Hacker News new | ask | show | jobs
by gfody 903 days ago
> It was invented over 40 years ago, yet it is still employed by the majority of modern databases.

I wonder how true this is for the top commercial engines (Oracle, MS, IBM, etc.) whose internals are closed source and proprietary. Even a decade ago my experience performance testing Exadata implied some exotic magic at work, ie lookups are way faster than the expected O(log n). More recently while testing SQL Server's ability to join hundreds of tables together the performance was _way_ in excess of what I expected. I can't imagine these things have internals all that similar to say the B+Tree inside MySQL for example.

2 comments

A lot of this comes down to query planners being really good at finding clever ways of doing scans and intersections of indexes, the tables themselves having indexes with a bunch of specialized representations, and the query execution doing very intelligent data traversal with partitioning or even multi-threading.

If you sit down and think carefully about your data you can often make even a simple bare-bones B-tree perform fantastically for a query, well in excess of what you'd get out of mysql or sqlite (which are already pretty fast).

I think the most important takeaway is that the old school RDBMS products are probably more than enough for whatever you are trying to accomplish. Query planners in these are indistinguishable from magic, as should anything that has been forged in the fires of a million production environments for a few decades.

I've been playing around with an idea that involves putting sql server at the heart of a game engine, and it is turning into one of the biggest rabbit holes I've ever explored. I thought latency/jitter would be more of a problem but it simply isn't.

On disk, SQL Server uses only b-trees, unless using the new ColumnStore format.

In memory during a query it can use temporary indexes of other types, primarily hash tables and bitmaps.

Its performance on ad-hoc complex queries is about as good as it gets, few if any other RDBMS can beat its performance, but under the hood it’s still mostly just doing joins on b-trees!

> ..under the hood it’s still mostly just doing joins on b-trees!

I could see the on-disk format needing to be simple and stable, but once the datas buffered who knows what structures and algorithms these proprietary engines are using?

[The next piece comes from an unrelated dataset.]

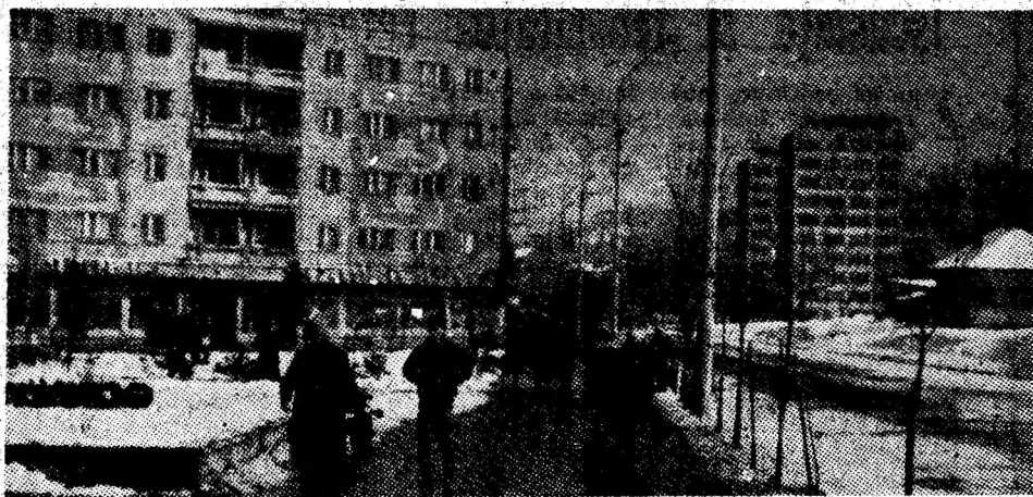
Crîmpei din împlinirile urbanistice ale Vulcanului.

autoaprovizionare. Acționînd în această direcție prioritară, vom acorda o atenție și mai mare problemelor de sistematizare, asigurînd locuitorilor, așa cum remarcă tovarășul Nicolae Ceaușescu, condiții tot mai bune de muncă și viață, asemănătoare mediului urban prin însăși calitatea vieții. Dezvoltarea și perfecționarea serviciilor pentru populație, realizarea unei activități culturale, de educație patriotică sînt direcții concrete de muncă ale consiliului popular comunal, înfăptuite cu participarea largă și activă a deputaților, a tuturor locuitorilor.

You would need to have done some reverse engineering or had hands-on details from the inside which presumably comes w/legal consequences for leaking them.

It tells you what it uses when you inspect the “query plans”. There’s some fairly technical explanation in the docs of what each of the operators do.

Generally the secret sauce in these things is the query optimiser heuristics.

The actual data structures and algorithm are often relatively simple.

Having said that, I’ve read their whitepaper on how they implement hash tables, and… it’s way more complex than I had assumed.

They cater for scenarios like many duplicated keys, parallel construction, unbalanced load across CPU cores, etc…

the query plan says "key lookup" or "index seek" can we really assume anything about the implementation?